DMP Product Defect: Disabling DMP iostat collection when the recoveryoption is set to timebound can result in miscalculation of start and end error analysis times (DMP timing out the I/O too soon)
Problem
When the DMP iostat collection is disabled and the recoveryoption option is defined as "timebound", DMP can incorrectly calculate the length of time an I/O took to complete and hence timeout the in-flight I/O too soon.
The issue is only applicable to Linux platforms and potentially VMware environments. On all other platforms there is only one way to obtain the time, hence why the issue will not occur on other platforms.
The problem will occur when all three of the below conditions are met:
1. Recovery option of timebound is set against the impacted enclosure
2. DMP IOSTAT daemon is stopped.
3. We have received an I/O error from below layer.
If the SCSI layer takes longer than 300 seconds to fail the I/O, then DMP will not retry the I/O.
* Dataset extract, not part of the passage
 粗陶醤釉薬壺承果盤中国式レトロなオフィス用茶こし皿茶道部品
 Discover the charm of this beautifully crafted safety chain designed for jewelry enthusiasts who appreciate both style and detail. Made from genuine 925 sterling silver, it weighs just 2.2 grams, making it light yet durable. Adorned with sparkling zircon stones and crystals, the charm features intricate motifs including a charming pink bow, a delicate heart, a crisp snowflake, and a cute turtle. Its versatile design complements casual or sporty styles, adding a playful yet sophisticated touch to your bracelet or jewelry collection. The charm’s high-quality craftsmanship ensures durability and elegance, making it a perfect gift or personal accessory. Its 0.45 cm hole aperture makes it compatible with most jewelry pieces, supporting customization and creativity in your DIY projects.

As a result of the DMP I/O threshold timeout being exhausted, the corresponding plex is detached and marked with the State "DETACHED IOFAIL".
In the event, that the surviving plex is also impacted as a result of a DMP I/O threshold timeout, the last remaining attached plex is not detached, however, the volume is.
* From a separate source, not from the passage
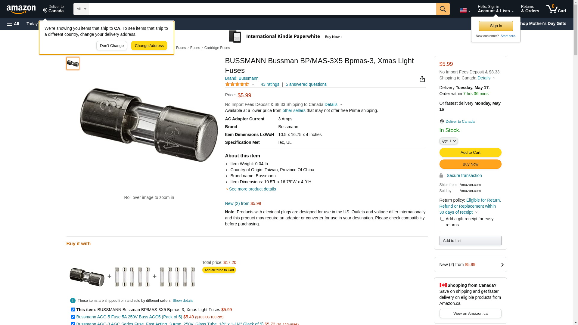 | BP-MAS-3A-BUSSMANN | 1 | -2 | 1 | 1 @ $2.81 | |
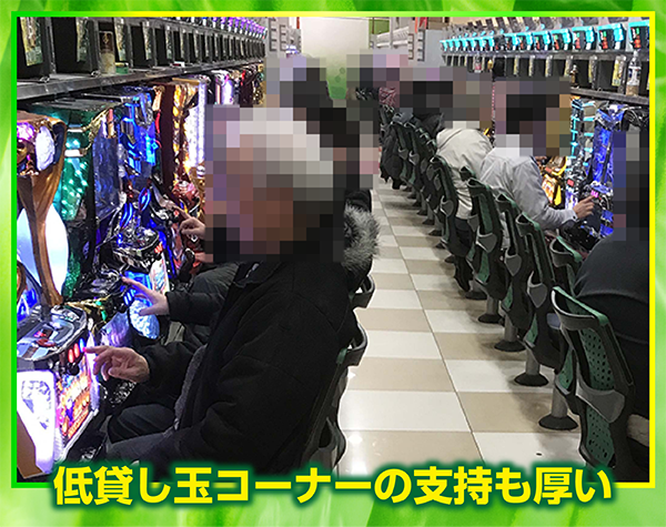 パチスロの低貸し玉コーナーも人気を集めており、1000円/178枚と1000円/445枚の両方が盛況。

When the DMP iostat collection is stopped, the calculation believes the DMP I/O timeout was exhausted . Therefore the I/O was not retried against other active paths and had to be failed.
Note: The volume will only be detached when a klog write error on volume is encountered, otherwise, I/O error messages will continued to be reported in the syslog file.
Error Message
LINUX syslog sample message:
May 30 19:26:06 barney kernel: VxVM vxdmp V-5-3-0 Reached DMP Threshold IO TimeOut (300 secs) I/O with start 46130801458 and end 461309f92d8 time.
Time conversion:
End time minus start time
461309f92d8 – 46130801458 = 1F7E80 (HEX) = 2064000 (DEC) / 1000000 usec (microseconds) = 2 seconds.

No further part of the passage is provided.